A ONU quis assim dar um sinal para as populações e grupos ambientalistas de que não estão sozinhos na defesa e protecção do meio ambiente, responsabilizando, por outro lado, os governos, para que tomem medidas concretas nesse sentido.
A resolução supra citada destaca que “a degradação ambiental, as mudanças climáticas e o desenvolvimento insustentável são algumas das mais sérias ameaças à capacidade das gerações presentes e futuras de usufruir dos direitos humanos, incluindo o direito à vida“. Além disso, estabelece que os governos dos diversos países membros da ONU “têm a obrigação de respeitar, proteger e promover os direitos humanos, inclusive em todas as acções empreendidas para enfrentar os desafios ambientais, e de tomar medidas para proteger os direitos de todos“. Após esta decisão, os governos são obrigados a adoptar “medidas adicionais” para protegerem todos aqueles que são “particularmente vulneráveis aos danos ambientais”.
Todavia, se só agora a ONU decidiu nesse sentido, no caso de Portugal, esse direito já estava inscrito na Constituição da República, consagrado no artigo art.º 66.º, que refere o seguinte:
“1. Todos têm direito a um ambiente de vida humano, sadio e ecologicamente equilibrado e o dever de o defender.
2. Para assegurar o direito ao ambiente, no quadro de um desenvolvimento sustentável, incumbe ao Estado, por meio de organismos próprios e com o envolvimento e a participação dos cidadãos:
a) Prevenir e controlar a poluição e os seus efeitos e as formas prejudiciais de erosão;
b) Ordenar e promover o ordenamento do território, tendo em vista uma correcta localização das actividades, um equilibrado desenvolvimento sócio-económico e a valorização da paisagem;
c) Criar e desenvolver reservas e parques naturais e de recreio, bem como classificar e proteger paisagens e sítios, de modo a garantir a conservação da natureza e a preservação de valores culturais de interesse histórico ou artístico;
d) Promover o aproveitamento racional dos recursos naturais, salvaguardando a sua capacidade de renovação e a estabilidade ecológica, com respeito pelo princípio da solidariedade entre gerações;
e) Promover, em colaboração com as autarquias locais, a qualidade ambiental das povoações e da vida urbana, designadamente no plano arquitectónico e da protecção das zonas históricas;
f) Promover a integração de objectivos ambientais nas várias políticas de âmbito sectorial;
g) Promover a educação ambiental e o respeito pelos valores do ambiente;
h) Assegurar que a política fiscal compatibilize desenvolvimento com protecção do ambiente e qualidade de vida”
Se a Constituição da República Portuguesa e outros instrumentos legais, nomeadamente, a Lei de Bases da Política do Ambiente (artigos 5.º, 6.º, 7.º e 8.º) e o Tratado sobre o Funcionamento da União Europeia (art.º 191), consagram esse direito, por que motivo o Governo português prossegue com as suas políticas anti ambientais?

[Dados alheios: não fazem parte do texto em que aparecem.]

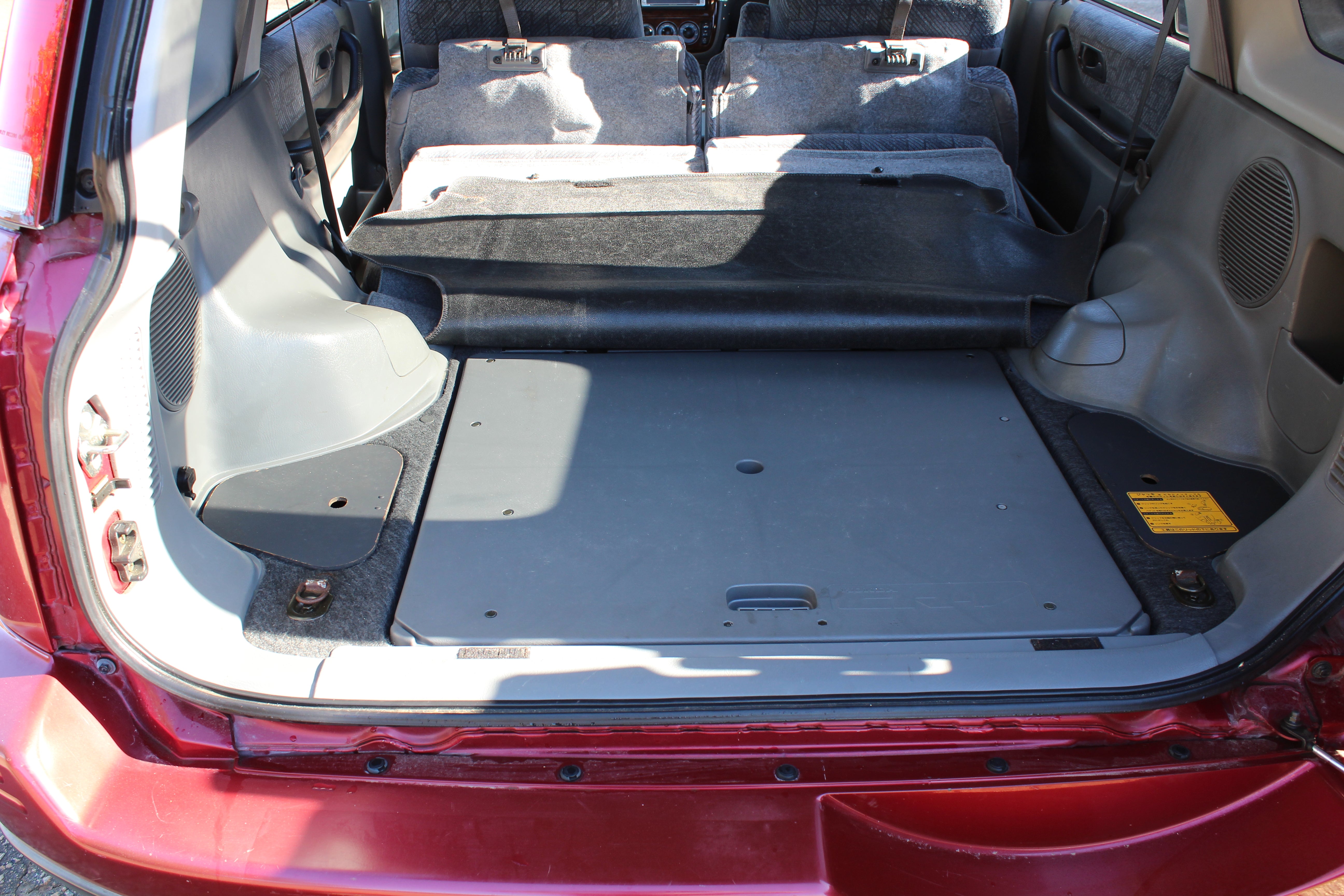 The first generation CR-V or RD1 was Honda's first in-house designed sport utility vehicle by Hiroyuki Kawase. The CR-V was introduced in Japan at Honda Verno dealerships only and was regarded as a luxury vehicle in Japan due to the exterior width dimensions exceeding Japanese Government dimension regulations. For the North American market, it was displayed at the 1996 Chicago Auto Show and went on sale in February 1997. Upon introduction, the model had only one trim level, which would later be known as the LX model trim; it was powered by the 2.0-litre straight-four B20B producing 126 hp (94 kW) at 5400 rpm and 133 lb⋅ft (180 N⋅m) of torque at 4800 rpm. Outer dimensions for this engine would be identical to the Integra's 1.8 L engine, but internally the engine had a larger 84 mm (3.3 in) bore to add the extra displacement needed to produce more torque. The engine used a one-piece cylinder sleeve construction unique from any other B-series engine. The chassis was a unibody design with fully independent suspension. The front suspension was double-wishbone, while the rear used a trailing arm-based multilink system. Inside, the rear seats were able to fold down, and a picnic table was stowed in the rear floor area. All models featured plastic cladding covering the front bumper, rear bumper, and fender wells. In most countries, CR-Vs had a chrome grille; however, in the United States, the grille was made out of the same black plastic as the bumpers. The EX included anti-lock brakes and 15 inch alloy wheels over the LX trim. Drivetrain options were front-wheel drive or Honda's Real Time AWD.

Os exemplos são vários, desde o tratamento de resíduos, até às autorizações de projectos relacionados com monoculturas (eucaliptos, abacates), painéis solares, mineração (lítio e outros minerais), parques eólicos, entre outros. E, se o Governo, demitindo-se das suas responsabilidades, não tem ocupado o lugar que lhe compete na defesa de um ambiente seguro, limpo, saudável e sustentável, a quem cabe essa função? Aos cidadãos e organizações ambientalistas, a quem não resta outro caminho senão tomarem as rédeas dessa mesma defesa. É a única forma de verem os seus direitos salvaguardados!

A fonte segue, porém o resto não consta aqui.